Peavy a hot ticket back in Alabama

By: DAN HAYES - Staff Writer | Friday, February 15, 2008 11:30 PM PST

PEORIA, Ariz. ---- Had the Padres not locked up Jake Peavy through 2012, he might be considering a career as an emcee.

The unanimous 2007 National League Cy Young Award winner spoke at six awards banquets, including a roast in his honor in his home state of Alabama, and was grand marshal for the GMAC Bowl in Mobile, Ala., this offseason.

"I'm a professional at the banquet circuit level," Peavy said after taking his physical on Friday. "I've got it down. It was different, but there are a lot of good memories, a lot of good reasons to celebrate."
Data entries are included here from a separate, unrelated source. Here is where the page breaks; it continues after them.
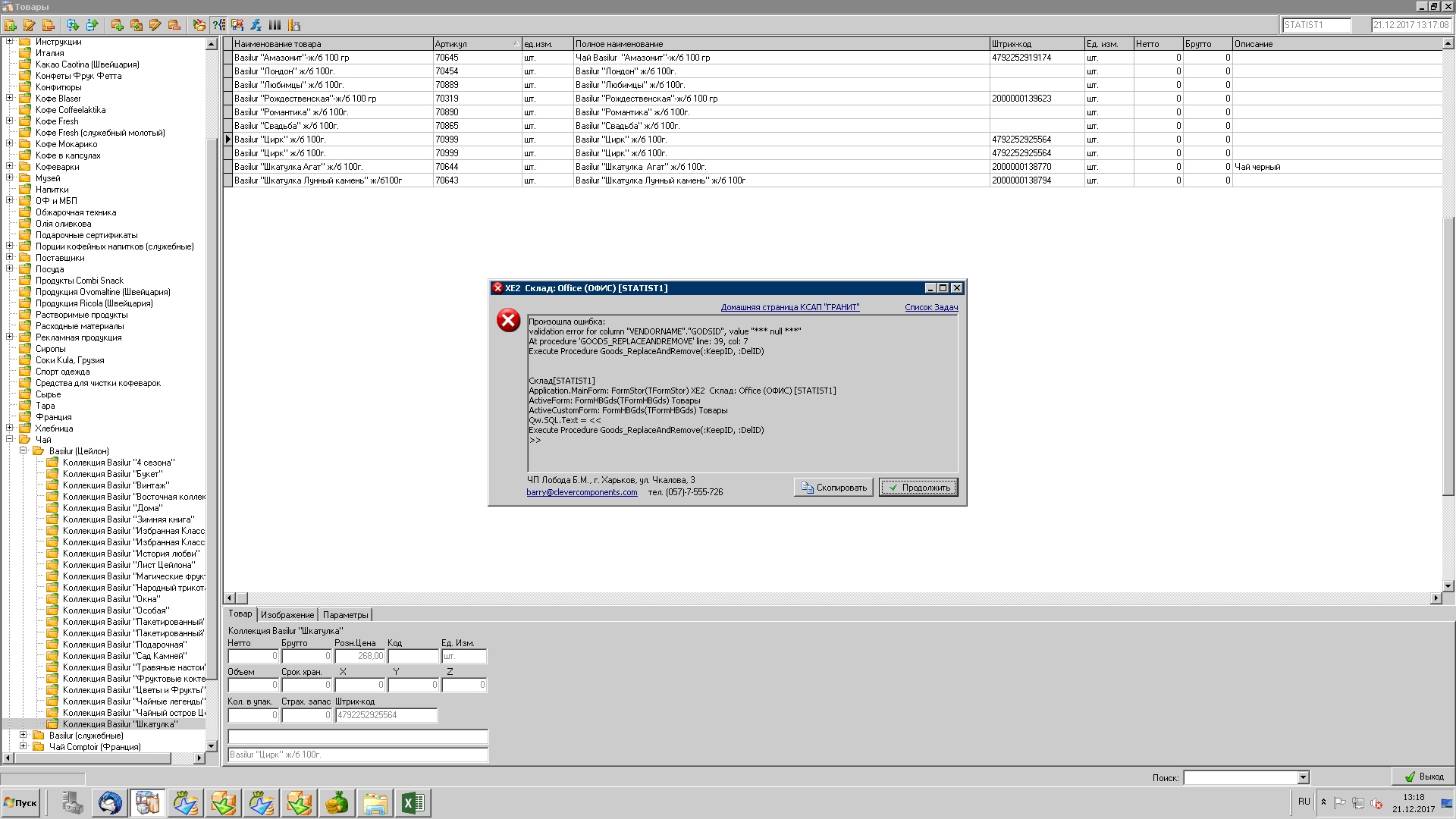 Ошибка при объединении дубликата: Произошла ошибка: validation error for column GODSID, value "*** null ***" At procedure 'GOODS_REPLACEANDREMOVE' line: 39, col: 7 Execute Procedure Goods_ReplaceAndRemove(:KeepID, :DelID) Склад[ADMIN] Application.MainForm: FormStor(TFormStor) XE2 Склад: Test (ГОЛОВКО ЧП) [Администратор Системы] ActiveForm: FormHBGds(TFormHBGds) Товары ActiveCustomForm: FormHBGds(TFormHBGds) Товары Qw.SQL.Text = << Execute Procedure Goods_ReplaceAndRemove(:KeepID, :DelID) >> Базу послал на почту товар, который не удаляется в самой верхней группе с пустым наименованием товар Колобок. Так это я смог воспроизвести. А в ДК другая ошибка(см. приложенную картинку). |
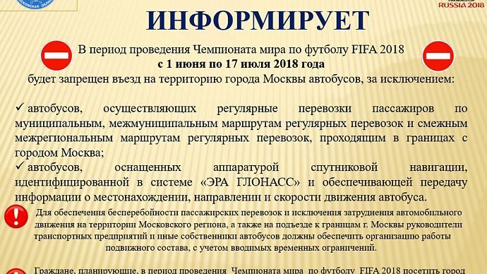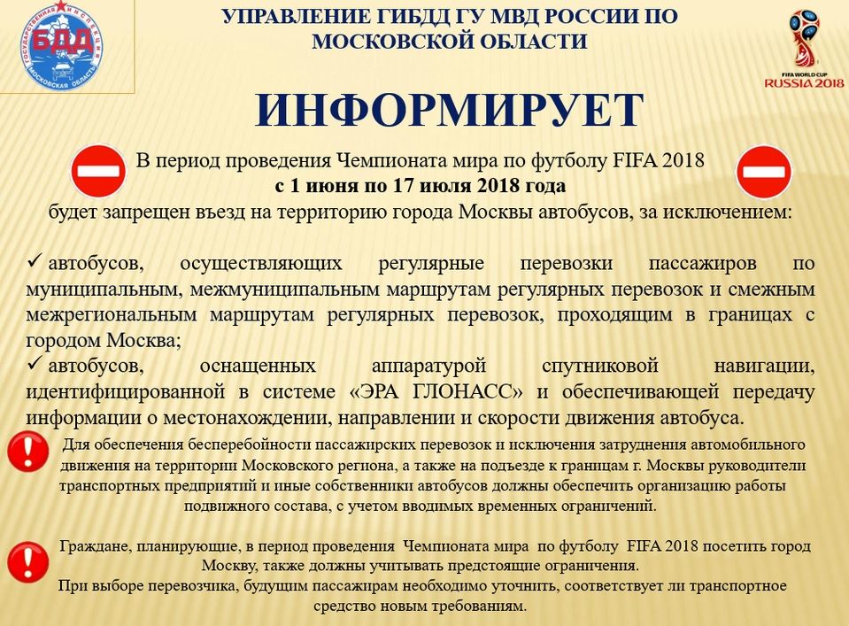 Во избежание затруднений дорожного движения на территории Московской области при подъезде к границам г. Москвы, а также срыва пассажирских перевозок в указанный период, необходимо учитывать вышеуказанные требования и принять необходимые меры для беспрепятственного проезда по маршрутам движения в г. Москве.
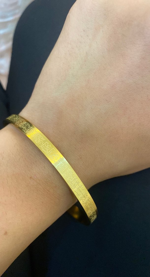 Parlak altın renkli, ayetel kürsi ve bilezik, minimalist ve çağdaş tasarımla günlük kullanıma uygundur. Paslanmaz ve kararma yapmaz paketli üründür.(fiyat bilgisi için yazınız)

The party is over, however, and Peavy is ready to get back to work. The Padres hold their first workout at 9 a.m. today.

"It's time to get refocused on what you have to do and not what you did in the past," Peavy said. "Baseball is a big 'What have done for me lately?' Certainly last year was gratifying in a personal sense, but as a team we didn't achieve what we wanted to do. Ultimately that's all what we want is to go to the playoffs and be a world champion."

Prior to Hoffman
San Diego native Mark Prior often used to sit in the upper deck at Qualcomm Stadium watching Trevor Hoffman and the Padres. So he found the opportunity to work out with Hoffman a half-dozen times last month enjoyable.

Prior said Hoffman and Greg Maddux, a Chicago Cubs teammate from 2004-06, carry themselves similarly.

"It was obviously cool," Prior said. "He fits that mold with Maddux in guys who are going to be Hall of Famers and they don't act differently. They treat everybody with the same amount of respect. I played with Greg in Chicago, and he wants to be one of the guys. (Both) know exactly where they stand in the history of the game of baseball, but you wouldn't know it through casual conversations."

Postcard from the road
Reliever Heath Bell said there was a peculiar moment during his drive to spring training, when he went to buy a tire in Fort Stockton, Texas. While putting the spare tire back in his trunk, Bell removed his Padres baseball bag and the attendant noticed the logo.

The employee said another Padres player, Ken Caminiti, once stopped by the same store to buy a tire. He told Bell that it happened right before Caminiti won the National League's Most Valuable Player award in 1996.

As he walked away, Bell said, he had one thought: "Dude, I'm going to win MVP."

Mask attack
Michael Barrett and Josh Bard are doing double-takes when they look at the new Wilson catcher's masks being used this season. After several years, popular brand All Star lost its rights, and its masks are no longer available for use by major leaguers.

But getting used to the new mask, one that Bard said makes him look like Rick Moranis' Dark Helmet character from "Spaceballs," might take some time.

"When the All Star hockey mask came out, everybody thought it was gaudy," Barrett said. "But it was more functional; it worked. There's definitely a little bit of a bizarre factor here, but once you get used to it, see it more often, it'll become like any other mask."